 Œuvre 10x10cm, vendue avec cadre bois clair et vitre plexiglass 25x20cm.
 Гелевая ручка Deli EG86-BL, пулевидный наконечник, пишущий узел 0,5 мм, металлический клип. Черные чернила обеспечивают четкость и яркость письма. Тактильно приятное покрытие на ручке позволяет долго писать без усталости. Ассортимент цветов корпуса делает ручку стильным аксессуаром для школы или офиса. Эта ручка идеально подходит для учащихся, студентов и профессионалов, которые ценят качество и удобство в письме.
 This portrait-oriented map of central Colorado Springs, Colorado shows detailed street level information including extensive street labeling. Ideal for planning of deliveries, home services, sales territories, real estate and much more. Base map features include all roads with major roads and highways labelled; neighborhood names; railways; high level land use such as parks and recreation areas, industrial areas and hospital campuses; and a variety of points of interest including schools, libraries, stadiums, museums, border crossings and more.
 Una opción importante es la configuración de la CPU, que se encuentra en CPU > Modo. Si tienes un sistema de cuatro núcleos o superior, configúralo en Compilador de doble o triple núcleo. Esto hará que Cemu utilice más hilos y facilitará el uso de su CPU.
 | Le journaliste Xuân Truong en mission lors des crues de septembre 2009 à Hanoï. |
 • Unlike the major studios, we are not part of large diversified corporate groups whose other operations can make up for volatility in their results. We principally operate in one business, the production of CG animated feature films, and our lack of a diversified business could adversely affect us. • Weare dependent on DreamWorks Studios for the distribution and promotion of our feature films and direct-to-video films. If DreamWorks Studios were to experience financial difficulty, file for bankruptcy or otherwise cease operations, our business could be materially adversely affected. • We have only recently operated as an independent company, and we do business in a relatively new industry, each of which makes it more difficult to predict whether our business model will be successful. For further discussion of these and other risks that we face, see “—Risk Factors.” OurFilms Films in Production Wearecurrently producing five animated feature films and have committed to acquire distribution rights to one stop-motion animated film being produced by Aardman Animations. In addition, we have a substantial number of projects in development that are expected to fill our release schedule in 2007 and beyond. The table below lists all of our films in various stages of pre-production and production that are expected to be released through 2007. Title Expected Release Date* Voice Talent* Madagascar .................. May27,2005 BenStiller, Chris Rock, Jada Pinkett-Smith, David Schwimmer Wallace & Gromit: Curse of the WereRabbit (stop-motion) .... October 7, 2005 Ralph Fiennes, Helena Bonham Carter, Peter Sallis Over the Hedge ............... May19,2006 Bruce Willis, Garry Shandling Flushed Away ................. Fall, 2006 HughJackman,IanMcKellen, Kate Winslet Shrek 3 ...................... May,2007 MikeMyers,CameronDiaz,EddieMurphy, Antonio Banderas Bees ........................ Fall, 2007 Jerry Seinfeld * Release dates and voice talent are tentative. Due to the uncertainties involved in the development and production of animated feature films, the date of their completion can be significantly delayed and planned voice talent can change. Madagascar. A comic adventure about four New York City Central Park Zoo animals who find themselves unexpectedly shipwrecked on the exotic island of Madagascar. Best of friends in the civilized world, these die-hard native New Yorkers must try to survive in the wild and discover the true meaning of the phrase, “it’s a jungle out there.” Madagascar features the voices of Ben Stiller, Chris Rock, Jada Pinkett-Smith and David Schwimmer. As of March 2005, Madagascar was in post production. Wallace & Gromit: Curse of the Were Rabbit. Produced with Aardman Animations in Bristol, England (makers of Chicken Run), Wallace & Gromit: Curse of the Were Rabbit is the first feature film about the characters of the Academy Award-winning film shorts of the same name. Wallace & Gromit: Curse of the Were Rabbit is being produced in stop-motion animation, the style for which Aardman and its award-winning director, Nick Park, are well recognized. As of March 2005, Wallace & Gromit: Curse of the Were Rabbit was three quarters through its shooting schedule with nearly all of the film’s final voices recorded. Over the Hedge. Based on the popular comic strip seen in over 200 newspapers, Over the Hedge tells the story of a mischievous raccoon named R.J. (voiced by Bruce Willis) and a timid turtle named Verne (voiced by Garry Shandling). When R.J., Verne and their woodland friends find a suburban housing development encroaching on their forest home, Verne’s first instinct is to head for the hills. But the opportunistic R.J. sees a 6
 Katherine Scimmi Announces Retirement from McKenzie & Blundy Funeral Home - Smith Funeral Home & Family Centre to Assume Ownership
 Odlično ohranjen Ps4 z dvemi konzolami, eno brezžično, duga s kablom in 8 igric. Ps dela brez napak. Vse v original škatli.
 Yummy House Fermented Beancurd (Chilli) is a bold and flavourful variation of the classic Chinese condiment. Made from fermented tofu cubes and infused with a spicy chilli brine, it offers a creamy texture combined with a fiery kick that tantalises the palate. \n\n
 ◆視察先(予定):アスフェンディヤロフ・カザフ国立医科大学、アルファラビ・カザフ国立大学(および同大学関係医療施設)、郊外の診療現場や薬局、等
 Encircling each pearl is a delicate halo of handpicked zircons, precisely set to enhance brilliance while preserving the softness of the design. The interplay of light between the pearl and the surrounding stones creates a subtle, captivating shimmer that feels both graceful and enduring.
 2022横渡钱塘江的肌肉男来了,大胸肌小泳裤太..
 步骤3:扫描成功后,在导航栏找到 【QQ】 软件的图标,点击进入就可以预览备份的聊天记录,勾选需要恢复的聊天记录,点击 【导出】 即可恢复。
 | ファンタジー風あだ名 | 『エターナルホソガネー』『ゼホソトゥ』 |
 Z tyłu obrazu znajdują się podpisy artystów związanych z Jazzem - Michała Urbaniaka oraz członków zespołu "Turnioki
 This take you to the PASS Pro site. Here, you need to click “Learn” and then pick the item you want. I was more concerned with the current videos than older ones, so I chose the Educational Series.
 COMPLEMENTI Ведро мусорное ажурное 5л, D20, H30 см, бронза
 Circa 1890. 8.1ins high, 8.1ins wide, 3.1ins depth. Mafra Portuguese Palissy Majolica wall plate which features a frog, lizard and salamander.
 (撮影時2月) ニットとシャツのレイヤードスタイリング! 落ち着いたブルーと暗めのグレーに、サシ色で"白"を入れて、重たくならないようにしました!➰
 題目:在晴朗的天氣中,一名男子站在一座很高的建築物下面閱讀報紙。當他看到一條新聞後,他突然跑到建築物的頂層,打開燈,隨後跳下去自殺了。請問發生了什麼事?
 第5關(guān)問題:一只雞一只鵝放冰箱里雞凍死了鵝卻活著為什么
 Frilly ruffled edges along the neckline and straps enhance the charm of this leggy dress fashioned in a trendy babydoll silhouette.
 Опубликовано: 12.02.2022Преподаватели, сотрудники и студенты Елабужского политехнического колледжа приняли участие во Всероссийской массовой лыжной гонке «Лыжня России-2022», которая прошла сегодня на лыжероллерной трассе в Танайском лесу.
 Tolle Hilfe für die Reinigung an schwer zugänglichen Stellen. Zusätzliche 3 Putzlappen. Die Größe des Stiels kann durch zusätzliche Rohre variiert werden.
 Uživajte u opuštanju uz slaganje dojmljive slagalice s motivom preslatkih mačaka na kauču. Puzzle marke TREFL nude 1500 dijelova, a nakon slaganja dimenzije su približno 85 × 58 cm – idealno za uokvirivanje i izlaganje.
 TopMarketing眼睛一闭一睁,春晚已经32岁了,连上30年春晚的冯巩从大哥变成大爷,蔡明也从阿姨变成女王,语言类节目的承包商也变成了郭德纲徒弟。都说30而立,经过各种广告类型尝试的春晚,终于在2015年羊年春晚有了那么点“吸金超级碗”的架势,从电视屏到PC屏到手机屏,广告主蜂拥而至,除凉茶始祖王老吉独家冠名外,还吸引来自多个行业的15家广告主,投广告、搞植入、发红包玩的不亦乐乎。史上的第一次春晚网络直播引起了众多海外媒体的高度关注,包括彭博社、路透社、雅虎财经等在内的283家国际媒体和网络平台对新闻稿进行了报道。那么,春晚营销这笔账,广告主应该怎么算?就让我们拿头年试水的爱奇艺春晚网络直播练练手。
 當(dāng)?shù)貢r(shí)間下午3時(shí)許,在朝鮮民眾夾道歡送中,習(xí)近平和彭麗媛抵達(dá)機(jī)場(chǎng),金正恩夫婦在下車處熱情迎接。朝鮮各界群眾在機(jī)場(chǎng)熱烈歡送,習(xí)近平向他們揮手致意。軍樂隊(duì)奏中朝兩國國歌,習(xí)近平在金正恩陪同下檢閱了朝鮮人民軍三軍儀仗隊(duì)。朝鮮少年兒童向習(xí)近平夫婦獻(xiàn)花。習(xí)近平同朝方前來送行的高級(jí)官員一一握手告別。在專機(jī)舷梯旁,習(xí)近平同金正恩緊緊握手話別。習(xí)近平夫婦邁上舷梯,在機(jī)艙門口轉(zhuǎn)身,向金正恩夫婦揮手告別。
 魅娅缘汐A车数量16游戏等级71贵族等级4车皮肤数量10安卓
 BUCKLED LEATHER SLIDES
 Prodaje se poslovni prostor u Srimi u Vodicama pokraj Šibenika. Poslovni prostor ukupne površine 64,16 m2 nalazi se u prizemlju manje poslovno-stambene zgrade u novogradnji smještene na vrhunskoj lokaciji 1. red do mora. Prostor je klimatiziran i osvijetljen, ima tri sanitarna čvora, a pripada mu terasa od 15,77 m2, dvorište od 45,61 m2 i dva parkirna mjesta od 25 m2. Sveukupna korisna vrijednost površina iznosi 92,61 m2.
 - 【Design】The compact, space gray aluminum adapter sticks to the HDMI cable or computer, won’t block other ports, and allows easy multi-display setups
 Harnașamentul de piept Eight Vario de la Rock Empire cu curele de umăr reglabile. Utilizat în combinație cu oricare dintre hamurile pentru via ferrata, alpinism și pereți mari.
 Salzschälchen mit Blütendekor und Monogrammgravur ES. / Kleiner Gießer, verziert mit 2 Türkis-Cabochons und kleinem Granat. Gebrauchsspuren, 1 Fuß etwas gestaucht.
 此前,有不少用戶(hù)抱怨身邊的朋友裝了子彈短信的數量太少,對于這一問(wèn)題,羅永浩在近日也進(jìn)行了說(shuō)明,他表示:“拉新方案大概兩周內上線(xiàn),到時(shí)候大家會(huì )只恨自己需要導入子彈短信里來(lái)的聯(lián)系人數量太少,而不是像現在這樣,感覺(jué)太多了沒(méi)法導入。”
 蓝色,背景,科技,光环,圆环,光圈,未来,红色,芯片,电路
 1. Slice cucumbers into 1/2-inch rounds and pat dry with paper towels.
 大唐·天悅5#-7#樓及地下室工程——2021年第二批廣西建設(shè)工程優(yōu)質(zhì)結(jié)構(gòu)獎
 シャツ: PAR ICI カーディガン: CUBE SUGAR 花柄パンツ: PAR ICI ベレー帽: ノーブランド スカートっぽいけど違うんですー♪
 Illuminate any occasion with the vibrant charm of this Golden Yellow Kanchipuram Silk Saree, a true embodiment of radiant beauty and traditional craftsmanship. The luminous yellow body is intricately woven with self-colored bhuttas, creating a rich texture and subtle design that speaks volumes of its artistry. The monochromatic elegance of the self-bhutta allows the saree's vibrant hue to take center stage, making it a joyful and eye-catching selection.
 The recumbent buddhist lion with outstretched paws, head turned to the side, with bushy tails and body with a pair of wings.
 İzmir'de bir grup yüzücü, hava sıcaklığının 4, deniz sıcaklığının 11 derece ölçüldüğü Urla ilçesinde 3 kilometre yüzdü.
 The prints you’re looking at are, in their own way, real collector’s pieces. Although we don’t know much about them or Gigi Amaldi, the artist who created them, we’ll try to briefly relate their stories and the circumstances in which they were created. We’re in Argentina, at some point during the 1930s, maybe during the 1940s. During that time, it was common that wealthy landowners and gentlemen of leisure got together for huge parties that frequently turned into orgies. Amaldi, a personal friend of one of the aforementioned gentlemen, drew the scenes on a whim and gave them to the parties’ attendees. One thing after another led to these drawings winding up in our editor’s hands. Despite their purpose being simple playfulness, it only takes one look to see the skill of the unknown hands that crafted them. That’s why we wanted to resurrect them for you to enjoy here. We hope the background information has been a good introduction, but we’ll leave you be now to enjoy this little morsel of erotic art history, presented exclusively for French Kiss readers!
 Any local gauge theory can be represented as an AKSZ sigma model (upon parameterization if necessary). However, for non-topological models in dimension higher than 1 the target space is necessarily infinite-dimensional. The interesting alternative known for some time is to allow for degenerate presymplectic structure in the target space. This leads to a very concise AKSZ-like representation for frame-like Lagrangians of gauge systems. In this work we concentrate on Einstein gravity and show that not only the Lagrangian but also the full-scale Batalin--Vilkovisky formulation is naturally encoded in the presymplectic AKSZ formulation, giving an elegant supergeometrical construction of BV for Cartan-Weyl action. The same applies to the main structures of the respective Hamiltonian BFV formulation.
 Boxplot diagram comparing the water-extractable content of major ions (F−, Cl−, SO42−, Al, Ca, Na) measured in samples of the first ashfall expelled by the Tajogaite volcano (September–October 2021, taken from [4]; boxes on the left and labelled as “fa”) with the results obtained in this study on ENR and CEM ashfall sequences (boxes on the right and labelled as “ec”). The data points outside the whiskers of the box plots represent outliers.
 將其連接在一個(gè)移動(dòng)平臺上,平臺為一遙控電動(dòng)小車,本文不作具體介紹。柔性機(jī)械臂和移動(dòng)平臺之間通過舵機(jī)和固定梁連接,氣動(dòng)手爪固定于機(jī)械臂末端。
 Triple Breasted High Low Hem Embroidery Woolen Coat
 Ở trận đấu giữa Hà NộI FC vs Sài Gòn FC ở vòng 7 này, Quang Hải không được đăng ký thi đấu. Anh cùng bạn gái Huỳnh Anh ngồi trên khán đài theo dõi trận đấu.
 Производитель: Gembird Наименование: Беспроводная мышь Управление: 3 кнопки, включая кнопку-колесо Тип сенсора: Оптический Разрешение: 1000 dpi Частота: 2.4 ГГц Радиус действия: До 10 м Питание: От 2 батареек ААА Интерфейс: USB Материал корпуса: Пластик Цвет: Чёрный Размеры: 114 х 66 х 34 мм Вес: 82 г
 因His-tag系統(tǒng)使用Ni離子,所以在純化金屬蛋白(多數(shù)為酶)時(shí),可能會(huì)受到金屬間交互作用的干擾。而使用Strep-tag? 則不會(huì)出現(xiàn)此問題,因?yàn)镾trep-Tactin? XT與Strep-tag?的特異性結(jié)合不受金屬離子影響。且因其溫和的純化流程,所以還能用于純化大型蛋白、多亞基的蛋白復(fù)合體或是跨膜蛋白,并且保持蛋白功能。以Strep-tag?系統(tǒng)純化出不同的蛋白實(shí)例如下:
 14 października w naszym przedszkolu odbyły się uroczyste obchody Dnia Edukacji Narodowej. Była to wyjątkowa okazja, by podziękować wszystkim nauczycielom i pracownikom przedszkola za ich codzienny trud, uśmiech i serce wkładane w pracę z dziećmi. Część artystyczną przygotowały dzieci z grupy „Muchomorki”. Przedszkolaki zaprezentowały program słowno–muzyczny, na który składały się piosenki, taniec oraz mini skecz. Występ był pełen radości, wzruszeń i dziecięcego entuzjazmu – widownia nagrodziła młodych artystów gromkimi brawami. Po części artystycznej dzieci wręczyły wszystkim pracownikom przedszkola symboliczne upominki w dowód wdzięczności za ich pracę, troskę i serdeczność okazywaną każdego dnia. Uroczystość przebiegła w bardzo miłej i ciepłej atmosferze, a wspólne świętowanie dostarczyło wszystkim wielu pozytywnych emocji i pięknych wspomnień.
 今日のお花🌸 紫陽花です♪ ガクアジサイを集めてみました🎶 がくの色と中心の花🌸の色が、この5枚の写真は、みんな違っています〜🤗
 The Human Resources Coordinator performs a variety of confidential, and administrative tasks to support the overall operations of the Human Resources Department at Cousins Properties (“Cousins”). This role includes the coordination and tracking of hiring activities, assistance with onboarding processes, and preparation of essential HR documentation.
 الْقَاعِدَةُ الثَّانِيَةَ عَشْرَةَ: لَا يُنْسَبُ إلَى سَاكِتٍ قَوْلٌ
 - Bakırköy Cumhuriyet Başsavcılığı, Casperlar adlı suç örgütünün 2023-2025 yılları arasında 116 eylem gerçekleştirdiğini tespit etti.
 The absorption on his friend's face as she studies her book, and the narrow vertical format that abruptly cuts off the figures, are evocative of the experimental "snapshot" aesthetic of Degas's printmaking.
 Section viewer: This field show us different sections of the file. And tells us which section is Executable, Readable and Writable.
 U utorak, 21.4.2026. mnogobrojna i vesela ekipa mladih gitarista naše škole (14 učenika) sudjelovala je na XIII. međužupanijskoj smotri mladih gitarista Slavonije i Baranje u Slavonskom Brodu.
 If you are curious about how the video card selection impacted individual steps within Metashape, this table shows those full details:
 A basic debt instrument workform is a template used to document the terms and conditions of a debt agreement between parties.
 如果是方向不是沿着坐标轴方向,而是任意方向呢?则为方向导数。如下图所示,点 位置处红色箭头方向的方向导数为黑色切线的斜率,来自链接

§

* [WHAT THE EXERCISE ASKS] Where the data above reaches the line holding "Гелевая ручка Deli", begin printing, and stop after the line holding "This portrait-oriented map". Each line must be reproduced exactly, with nothing else added.

* [COMPLETED EXERCISE]
 Гелевая ручка Deli EG86-BL, пулевидный наконечник, пишущий узел 0,5 мм, металлический клип. Черные чернила обеспечивают четкость и яркость письма. Тактильно приятное покрытие на ручке позволяет долго писать без усталости. Ассортимент цветов корпуса делает ручку стильным аксессуаром для школы или офиса. Эта ручка идеально подходит для учащихся, студентов и профессионалов, которые ценят качество и удобство в письме.
 This portrait-oriented map of central Colorado Springs, Colorado shows detailed street level information including extensive street labeling. Ideal for planning of deliveries, home services, sales territories, real estate and much more. Base map features include all roads with major roads and highways labelled; neighborhood names; railways; high level land use such as parks and recreation areas, industrial areas and hospital campuses; and a variety of points of interest including schools, libraries, stadiums, museums, border crossings and more.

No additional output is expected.